2019 has come and gone and it is time to jump into the future and look at the 2020 trends for identity theft.

Looking Back at Our 2019 Predictions

First, when we look back at our 2019 predictions, there is one particular prediction that came true. In 2019 we predicted that other states would follow California’s lead and pass their own privacy legislation. New York proposed the New York Privacy Act and, in some ways, it was more potent than California’s law. The exemptions for non-profits and small businesses were gone and the private right of action, the ability for individuals to some companies directly, were included. While it is unknown what the final form or outcome of New York’s legislation will be, it is one of the reasons we think the privacy conversation has finally reached its tipping point.

The Long Road to Privacy

The theme of 2019 was data and 2020’s will end up being privacy. People care about privacy. If you ask anyone on the street if they care about privacy, most will tell you they do. However, when they are presented with real-world scenarios, they usually do not adopt behaviors that would be considered privacy-centric. According to Pew Research, 80 percent of social media users are concerned about their privacy. The study goes on to shed light on why our feelings are so complicated when it comes to privacy. With that being said, these are social media users. They continue to use these platforms for a variety of different reasons, despite all of their concerns. Not very many people would drive their car if something was wrong with it until they fixed it. It would not be 80 percent, that is for sure. Why is it any different with social media users and their accounts? While it might seem nonsensical to compare vehicle safety to privacy, it isn’t. Consumers simply do not think of privacy as a safety issue – even though it is. As a society, we do not value privacy the way it needs to be valued. The good news is that the ITRC believes the 2020 trends around identity theft, data privacy and cybersecurity will include more conversations around the safety issue that is created when we do not fully understand when our privacy is violated, or what that even means. Perhaps 2020 will be the year where we don’t just say we care about our privacy but actually behave in a manner that supports it.
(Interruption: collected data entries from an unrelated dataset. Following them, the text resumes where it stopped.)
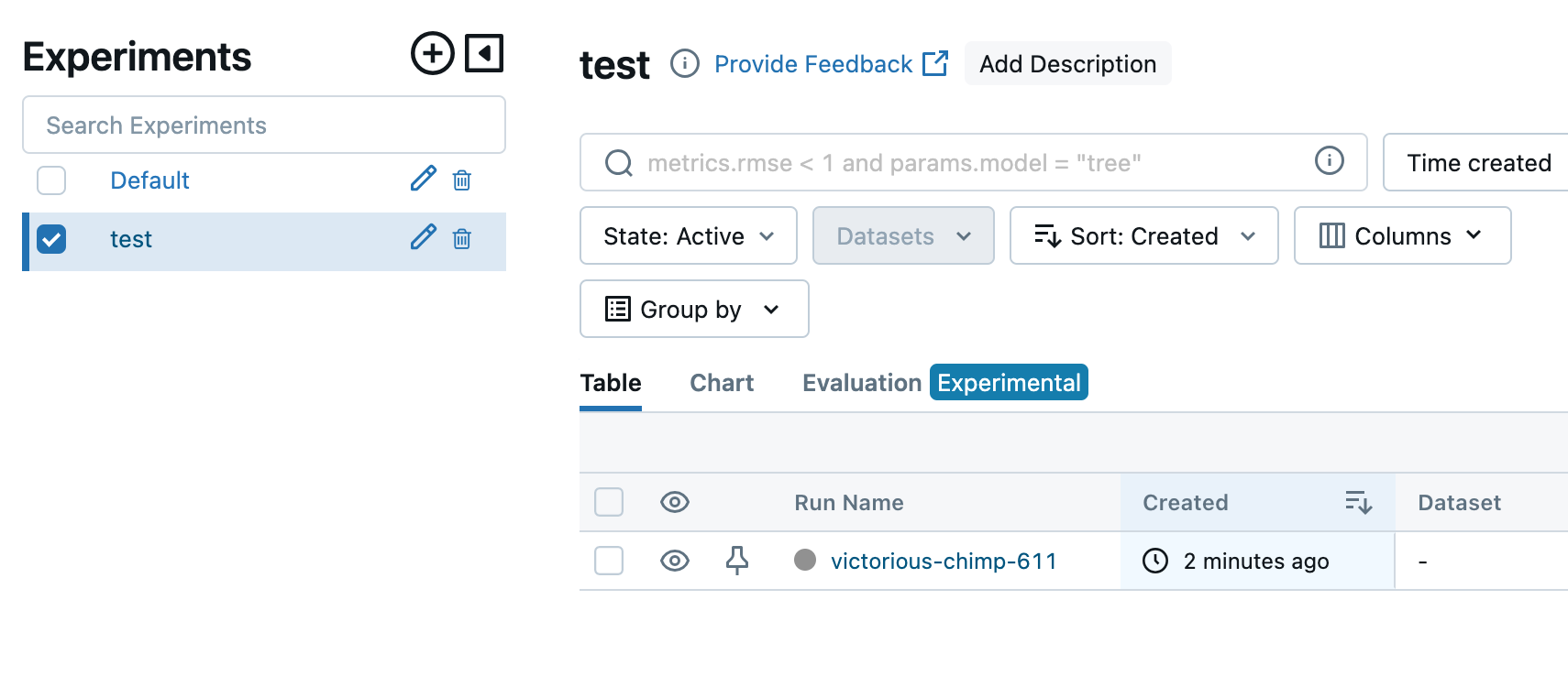 MLflow 화면에서 'test'라는 experiment가 생긴것을 확인할 수 있다.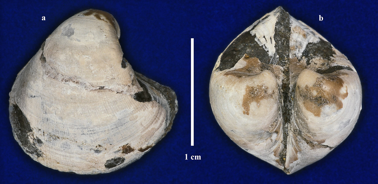 Внутреннее ядро с частично сохранившейся раковиной. a - вид со стороны правой створки; b - вид сверху.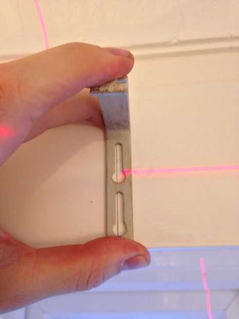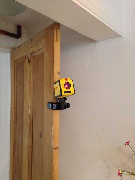 Para encontrar el nivel horrizontal usé mi nivel de láser Stanley Cubix. Me esta había montado en la puerta y disparó el láser a la ventana. El uso de este lo hace todo el trabajo mucho más fácil. Si no tienes uno es bastante fácil de utilizar un nivel normal y cinta métrica.

Data Breaches at the Forefront

As in years past, data breaches were also at the forefront in 2019. We saw too many of them as a result of open databases. Best Western recently experienced a data breach from an open database that exposed over 21 million government records. Choice Hotels and Adobe also experienced similar breaches in 2019. It is something that could continue to happen in 2020 because more businesses are moving to cloud-based databases. Many times the security of the database relies on the inherent security settings, which may or may not be robust, rather than custom security settings. We also saw numerous data breaches from credential stuffing in 2019. Some Disney+ users saw their accounts sold online after hackers were able to infiltrate their accounts and change the passwords to lock out account owners before posting the credentials online for others to use or buy. Earlier in the year, it was TurboTax announcing a data breach that was caused by credential stuffing. Consumers need to watch out for data breaches and account hacks from credential stuffing in 2020. They will need to take the steps to protect their privacy (change usernames and passwords, use strong passwords, etc.) for us to see fewer of these types of breaches and lessen their impact. It’s ITRC’s hope that the conversations around privacy issues will help decrease the incidents of data breaches and account hacks based around credential stuffing and grow to be fewer in the years to come.

ITRC is Here For You

Predictions are only an educated guess that are based on previous events and information. Industries, policymakers and the public will have to wait and see how the 2020 trends for identity theft, cybercrime and data privacy play out. Regardless of what happens in 2020, the ITRC will be here, working to fight back against the techniques scammers will be using to commit identity theft and supporting victims through the process of regaining their identities.